И в голове читателя порой — да, смешиваются детали биографий, имена жен, сыновей, отцов, места и события. Фицджеральд прилипает к Теннесси, Чивер — к Берримену и Карверу, один Хемингуэй стоит особняком. А может быть, так и задумано, чтобы эти шестеро стали к финалу книги одним целым, собирательным образом гениального алкоголика, путешественника к источнику Эха. И сделано это, может быть, затем, чтобы в финальной сцене на кладбище мы забыли, о ком именно идет речь, — и будто навестили могилы всех сразу и смогли бы скорбеть о них всех и со всеми сразу проститься.
Лэнг выстраивает собственную гипотезу относительно писательского алкоголизма — выстраивает остроумно, через метафору плавания и воды. В самом деле: тут и попытка защититься от тревоги — будто в материнской утробе, и соединиться с самим собой, и балансировать — и обратное желание, желание утонуть. Утопиться в стакане.

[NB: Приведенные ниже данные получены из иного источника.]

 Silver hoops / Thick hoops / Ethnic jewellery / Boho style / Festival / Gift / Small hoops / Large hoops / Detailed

Недаром в «Эхе» так много описаний ручьев, озер, рек, морей, океана. Это очень «водная» книга — про воду внутри и снаружи, грязную и чистую, мертвую и живую.

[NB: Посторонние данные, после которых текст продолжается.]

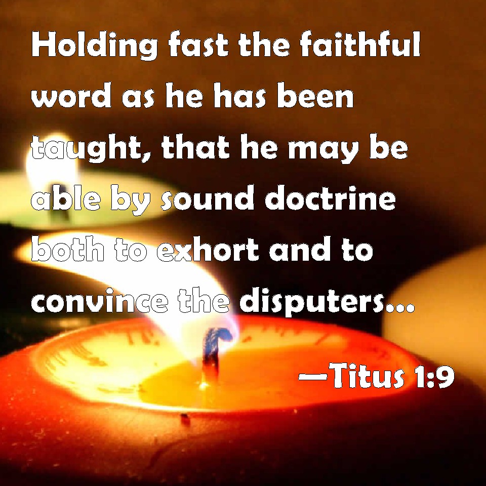 Choose a Background Titus 1:9 Holding fast the faithful word as he has been taught, that he may be able by sound doctrine both to exhort and to convince the disputers. KJV: Holding fast the faithful word as he hath been taught, that he may be able by sound doctrine both to exhort and to convince the gainsayers. DRB: Embracing that faithful word which is according to doctrine, that he may be able to exhort in sound doctrine, and to convince the gainsayers. DBT: clinging to the faithful word according to the doctrine taught, that he may be able both to encourage with sound teaching and refute gainsayers. ERV: holding to the faithful word which is according to the teaching, that he may be able both to exhort in the sound doctrine, and to convict the gainsayers. WBT: Holding fast the faithful word as he hath been taught, that he may be able by sound doctrine both to exhort and to convince the gainsayers. WEB: holding to the faithful word which is according to the teaching, that he may be able to exhort in the sound doctrine, and to convict those who contradict him. YLT: holding — according to the teaching — to the stedfast word, that he may be able also to exhort in the sound teaching, and the gainsayers to convict;Links Titus 1:9 NIV • Titus 1:9 NLT • Titus 1:9 ESV • Titus 1:9 NASB • Titus 1:9 KJV • Titus 1:9 Interlinear • Titus 1:9 Commentaries • Titus 1:9 Parallel Texts • Titus 1:9 Bible Apps • Titus 1:9 Parallel • Bible Hub |

В такое место вы могли бы вернуться после того, как испоганили, разодрали в клочья свою жизнь, потакая безудержным желаниям. Всю эту гадость, которую вы натворили там, в прошлой жизни, здесь можно со временем выполоскать, ведь перед вами ландшафт, будто нарочно созданный для неторопливого достижения цели. Глядя, как вода точит скалы, вы можете сжиться с тем фактом, что когда-то разбили голову жене за улыбку, подаренную другому; что вы ударили ее винной бутылкой и жена от разрыва артерии потеряла едва ли не шестьдесят процентов крови.
И сама Оливия Лэнг, как пловец из рассказа Чивера, который она так часто цитирует, плавает туда-сюда между своими героями, временами, местами, свидетельствами. Кажется, будто вот-вот подплывет к разгадке — и снаряжение у нее для этого подходящее, и видит цель она хорошо, и силы рассчитывает, чтобы хватило на последний рывок. Ее собственный, пусть бедноватый, опыт, ее бережное отношение к материалу, ее позиция принципиального неосуждения не позволяют отвлечься и просто любоваться закатом через красивый бокал — речь идёт о катастрофе, о подлинной боли. Лэнг умеет пожалеть без сентиментальной плаксивости, вот что. Она умеет быть нежной даже со скальпелем в рукаве. Умеет сострадать.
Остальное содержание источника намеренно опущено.